In the Hawk Insurance case, what had happened was that a single meeting had been convened of all the creditors, taking the view that it was not necessary or appropriate to subdivide the creditors into different classes.  The meeting took place and voted solidly in favour of the arrangement and the matter then came back to the court for sanction, with no creditor opposing.

The judge, however, at that stage, took the view, on a careful analysis of the scheme, that there were different and incompatible interests of classes of creditors, and that there should have been three separate class meetings, and, accordingly, that the scheme could not be sanctioned.

There was an appeal against that ruling and the Court of Appeal held, with the benefit of further evidence, that that was the wrong view and that there was indeed only one class of creditors.  It is in that context that Lord Justice Chadwick spoke of the exercise that the court has to undertake both at the first and the third stages.

What he said about what has to be done at the first stage is of assistance to me today.  He says, first, at p 511, para 12:

 "At the first stage, the court directs how the meeting or meetings are to be summoned.  It is concerned at that stage to ensure that those who are to be affected by the compromise or arrangement proposed have a proper opportunity of being present (in person or by proxy) at the meeting or meetings at which the proposals are to be considered and voted upon."

Then he goes on to describe the purpose and nature of the second and third stages.  He then reviews the law as to whether there is indeed only one class, or rather more than one class involved, and, if so, how you work out what the classes are.  He refers to the practice of the Companies Court which is long-standing, that the view is taken at the first stage by the company as to what creditors are to be summoned to any meeting, with the consequence that if it turns out that the meetings are incorrectly convened, that objection has to be taken at the third stage, and the company takes the risk that, if the objection turns out to be justified, then the scheme cannot be sanctioned and a good deal of time and effort would by then have been wasted.

He makes the comment that there may be cases in which one can grapple with the question of class or classes at the first stage, on notice to those or, at any rate, some of those who would be interested in arguing one way or the other.  That is not a course which commends itself to the Society in the present case because there is a substantial reason to try, if at all possible, to get the Scheme approved and effective by 1 March 2002, which I will mention later.  The Society has taken the view, entirely understandably, that it simply cannot afford to take the time for a preliminary hearing on notice to whatever might be thought to be possibly relevant classes of creditors to work out at the first stage what classes there are.

So Lord Justice Chadwick's suggestion of that kind, while undoubtedly helpful in general terms, is of no relevance to the present case.

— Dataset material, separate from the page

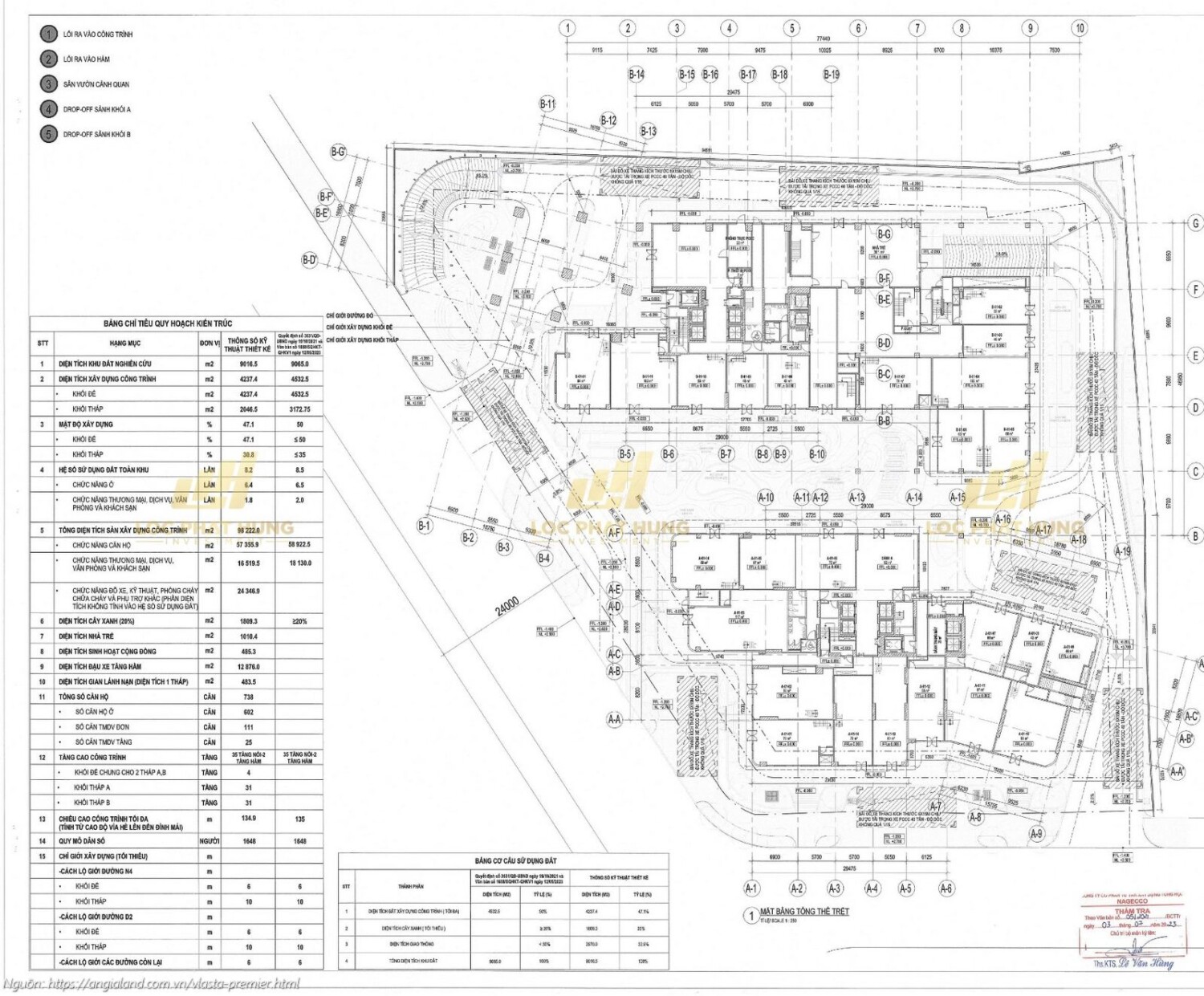 | Mật độ xây dựng | Khối đế: 47,1% – Khối tháp: 30,8% |

If that is not feasible, going on from this suggestion, he says this at para 21:

 "In my view an Applicant is entitled to feel aggrieved if in the absence of opposition from any creditor the court holds at the third stage, and on its own motion, that the order which it made at the first stage was pointless.  It is to my mind no answer to say that that is a risk which the Applicant must accept.  It may be inevitable that an Applicant must accept the risk that a dissentient creditor will persuade the court at the third stage that the order which it made at the first stage, without hearing that creditor, was the wrong one, but that is not to say that the Applicant must be required to accept that when exercising what is plainly a judicial discretion at the first stage, the court will not address the question whether the order which it makes serves any useful purpose or that, if it has addressed that question at the first stage, it will have changed its mind of its own motion at the third stage."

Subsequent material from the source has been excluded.